GeForce GTX 480 And 470: From Fermi And GF100 To Actual Cards!
By , Fedy Abi-Chahla and Florian Charpentier

As I was putting this story together, I asked senior editor Thomas Soderstrom what he wanted to know about GeForce GTX 480 and 470. He said, “price, performance, and power.” Reasonable enough. I’ll break it down similarly simply. There’s some good, some bad, and some ugly in play here.

First, the good—performance. Fortunately for Nvidia, it had a few targets in the Radeon HD 5970, 5870, and 5850 as it was generating specs. While we’re sure the company wishes it was shipping 512-shader cards instead of pared-down boards, it’s hitting high-enough clocks to make GeForce GTX 480 and GeForce GTX 470 generally-faster than Radeon HD 5870 and Radeon HD 5850. This is especially true when you turn on anti-aliasing, as the new GeForce cards take a much smaller hit than their competition. Nevertheless, AMD holds onto the single-card performance crown with Radeon HD 5970. On the other hand, Nvidia's position stands to improve moving forward, as its emphasis on DirectX 11 affects a growing number of titles.
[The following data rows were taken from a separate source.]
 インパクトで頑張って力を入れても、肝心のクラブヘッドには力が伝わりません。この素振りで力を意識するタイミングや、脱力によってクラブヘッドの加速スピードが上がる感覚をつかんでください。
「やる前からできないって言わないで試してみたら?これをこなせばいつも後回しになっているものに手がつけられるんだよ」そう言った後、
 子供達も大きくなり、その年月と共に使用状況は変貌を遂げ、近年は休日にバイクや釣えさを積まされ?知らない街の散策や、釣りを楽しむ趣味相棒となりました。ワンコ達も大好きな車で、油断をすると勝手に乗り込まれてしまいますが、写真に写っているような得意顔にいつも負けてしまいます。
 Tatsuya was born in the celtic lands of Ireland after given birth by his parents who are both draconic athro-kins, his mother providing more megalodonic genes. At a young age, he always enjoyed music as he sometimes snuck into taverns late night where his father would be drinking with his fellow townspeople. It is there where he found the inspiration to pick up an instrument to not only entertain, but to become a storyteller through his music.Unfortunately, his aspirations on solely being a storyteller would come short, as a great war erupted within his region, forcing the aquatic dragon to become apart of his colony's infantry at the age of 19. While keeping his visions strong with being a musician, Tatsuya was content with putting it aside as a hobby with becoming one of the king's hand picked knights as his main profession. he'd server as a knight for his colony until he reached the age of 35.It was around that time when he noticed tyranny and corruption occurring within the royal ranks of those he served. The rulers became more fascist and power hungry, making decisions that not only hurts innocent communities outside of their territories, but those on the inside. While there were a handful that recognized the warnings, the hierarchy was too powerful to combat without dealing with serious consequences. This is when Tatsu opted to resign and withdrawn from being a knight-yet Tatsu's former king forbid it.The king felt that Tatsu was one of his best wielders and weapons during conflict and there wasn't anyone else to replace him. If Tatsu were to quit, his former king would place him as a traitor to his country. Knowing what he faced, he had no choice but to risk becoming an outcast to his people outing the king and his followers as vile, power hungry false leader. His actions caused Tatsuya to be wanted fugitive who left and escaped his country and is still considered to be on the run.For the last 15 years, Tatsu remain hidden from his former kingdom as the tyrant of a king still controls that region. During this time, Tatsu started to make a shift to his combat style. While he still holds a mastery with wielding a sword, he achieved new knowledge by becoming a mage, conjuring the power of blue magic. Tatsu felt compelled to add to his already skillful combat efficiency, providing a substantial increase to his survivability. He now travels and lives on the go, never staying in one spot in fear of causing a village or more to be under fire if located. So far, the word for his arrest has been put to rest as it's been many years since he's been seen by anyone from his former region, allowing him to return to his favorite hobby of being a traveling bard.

What about the bad? Well, getting your feet in the door here costs $350. A flagship GeForce GTX 480 runs $500. Radeon HD 5850s recently dropped back down to $300 and Radeon HD 5870s can be found around $400. Though the GeForce cards are faster than their single-GPU competition, the premium is hard to swallow if power and display connectivity are important to you, and less-so if PhysX, CUDA, or 3D Vision are more interesting. Do we expect AMD to drop its prices in response? Don’t count on it. According to the company, demand continues to outstrip wafer supply, with the consequence of anticipated pricing stability. Should the GeForce GTX 480 and 470 maintain their MSRPs, you’re looking at a staggering of price and performance from the Radeon HD 5850 up to the 5970 (with Nvidia's GeForce cards in between).
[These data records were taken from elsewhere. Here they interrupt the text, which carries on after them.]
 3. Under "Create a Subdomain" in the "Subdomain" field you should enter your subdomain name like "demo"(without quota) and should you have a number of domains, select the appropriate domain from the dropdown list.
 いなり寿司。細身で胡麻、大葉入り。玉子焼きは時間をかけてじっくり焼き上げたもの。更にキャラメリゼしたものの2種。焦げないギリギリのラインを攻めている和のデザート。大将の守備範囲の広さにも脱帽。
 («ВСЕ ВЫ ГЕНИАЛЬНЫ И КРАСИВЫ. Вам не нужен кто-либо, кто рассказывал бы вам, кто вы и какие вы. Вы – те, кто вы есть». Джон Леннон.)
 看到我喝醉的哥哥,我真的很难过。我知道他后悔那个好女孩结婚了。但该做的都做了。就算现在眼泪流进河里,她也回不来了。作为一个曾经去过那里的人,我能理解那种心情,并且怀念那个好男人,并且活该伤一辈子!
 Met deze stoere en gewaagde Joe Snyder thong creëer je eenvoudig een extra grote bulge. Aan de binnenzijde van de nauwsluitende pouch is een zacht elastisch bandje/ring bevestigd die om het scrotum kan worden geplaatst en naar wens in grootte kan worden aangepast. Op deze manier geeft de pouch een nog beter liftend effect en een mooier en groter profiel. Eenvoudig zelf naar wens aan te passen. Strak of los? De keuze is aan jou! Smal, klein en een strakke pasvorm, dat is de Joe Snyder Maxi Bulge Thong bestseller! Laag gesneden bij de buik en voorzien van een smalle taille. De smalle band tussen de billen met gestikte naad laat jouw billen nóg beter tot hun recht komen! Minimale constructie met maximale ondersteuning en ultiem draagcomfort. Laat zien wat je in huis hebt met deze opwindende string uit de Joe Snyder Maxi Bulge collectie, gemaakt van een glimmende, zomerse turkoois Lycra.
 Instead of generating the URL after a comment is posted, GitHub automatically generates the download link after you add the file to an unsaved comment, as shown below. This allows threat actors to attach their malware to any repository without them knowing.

Then there’s the ugly: power. Nvidia argues that the enthusiast space isn’t as sensitive to figures like power consumption, and that lofty load figures still only translate to a few dollars per year. However, when you have the system power of a single-GPU card outstripping the total power of a faster dual-GPU board (despite their respective max. board TDPs, which we really can’t vouch for), that’s something to think about. We’re not even talking about FurMark here—it’s the Unigine performance, power, and efficiency index that put things into perspective. Of course, that power invariably gets dissipated as heat, and thus the GTX 480, in particular, becomes a very hot card, cresting 160 degrees Fahrenheit on its surface during game play.
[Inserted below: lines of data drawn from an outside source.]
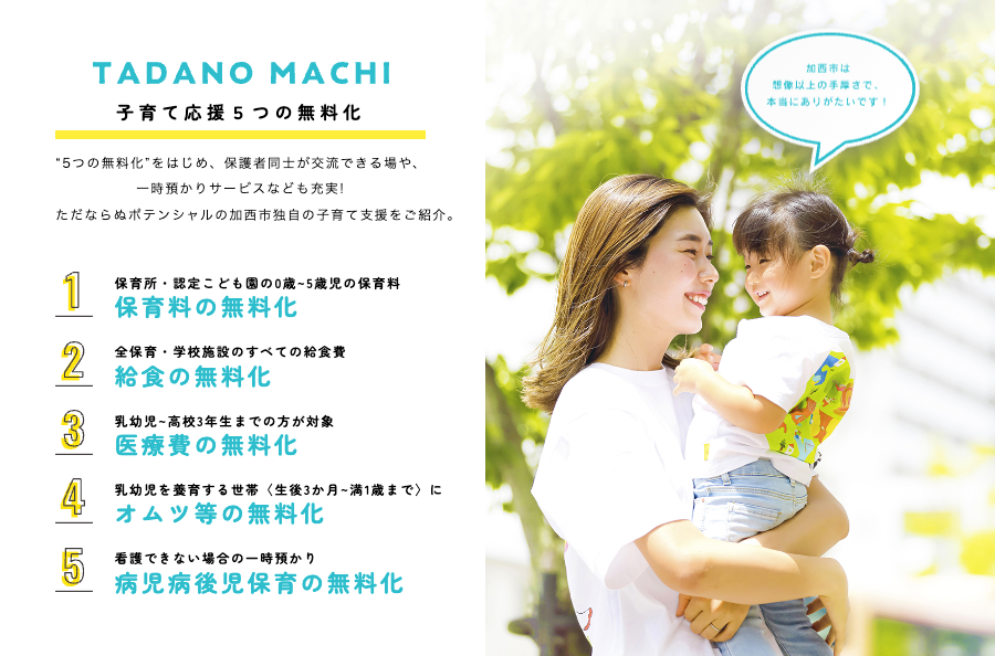 「ただのまち加西」として展開している「子育て応援5つの無料化」をはじめとし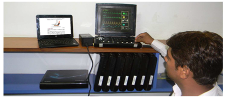 display board. It helps the doctors to take quick decision in favor of the patient when there is no time for further analysis and treatment. These parameters includes ECG, HR, ST segment analysis, PVC's analysis, Respiration rate, Pulse rate, Body temperature, NIBP and SPO 2 measurement. Scientech Techbook 2365 Multi-parameter monitor is capable of monitoring seven parameters simultaneously over one window, with the help of only four sensors. Theses sensors are for ECG (Up to seven leads), Temperature, SPO and NIBP. Measurement 2 of respiration is done by ECG sensor (RA-LA impedance method) .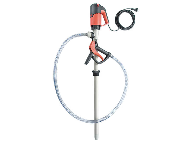 The FLUX F 430 PP-40/33 Drum Pump is a mechanically sealed polypropylene pump designed for transferring acids and alkalis from drums and IBCs. Its robust construction ensures safe handling of media that may harden or crystallise, with a 40 mm outer tube and ETFE/FKM wetted materials for excellent chemical resistance. Suitable for phosphoric acid, hydrochloric acid up to 30%, sulphuric acid up to 40%, alkalis and related compounds. The FEM 4070 motor (230 V, 500 W) offers speed control for precise pumping. This version features a 1200 mm immersion length. Supplied as a complete kit with hose connection, PVC hose, PP nozzle and conductive components for safe, professional use.

So, if you break everything down into power, price, and performance (meaning you’re most concerned with how GeForce GTX 480 and 470 stand up in today’s games), then today’s preview comes off somewhat underwhelming after the build-up.

Unfortunately, it’s difficult to account for the one thing Nvidia is perhaps best known for: its bead on the future and knack for shipping hardware chickens right as the software eggs are starting to hatch. Desktop graphics is but one of the company’s foci, alongside professional rendering, scientific computing, and increasingly, mobility. I’m not generally one to get super-excited about features promised to be commonplace tomorrow. However, Nvidia’s investment into software (from compiler support to math libraries to development toolkits) suggests a substantial advantage in maximizing its hardware in all three key segments. Love it or hate it, Nvidia’s developer relations team is the reason a game like Metro 2033 runs the way it’s supposed to at launch. That’s the intangible we can’t convey through benchmarks. Close cooperation with GPGPU vendors, getting into Adobe’s next-gen Mercury Playback Engine, zero-day support for more games, and so on.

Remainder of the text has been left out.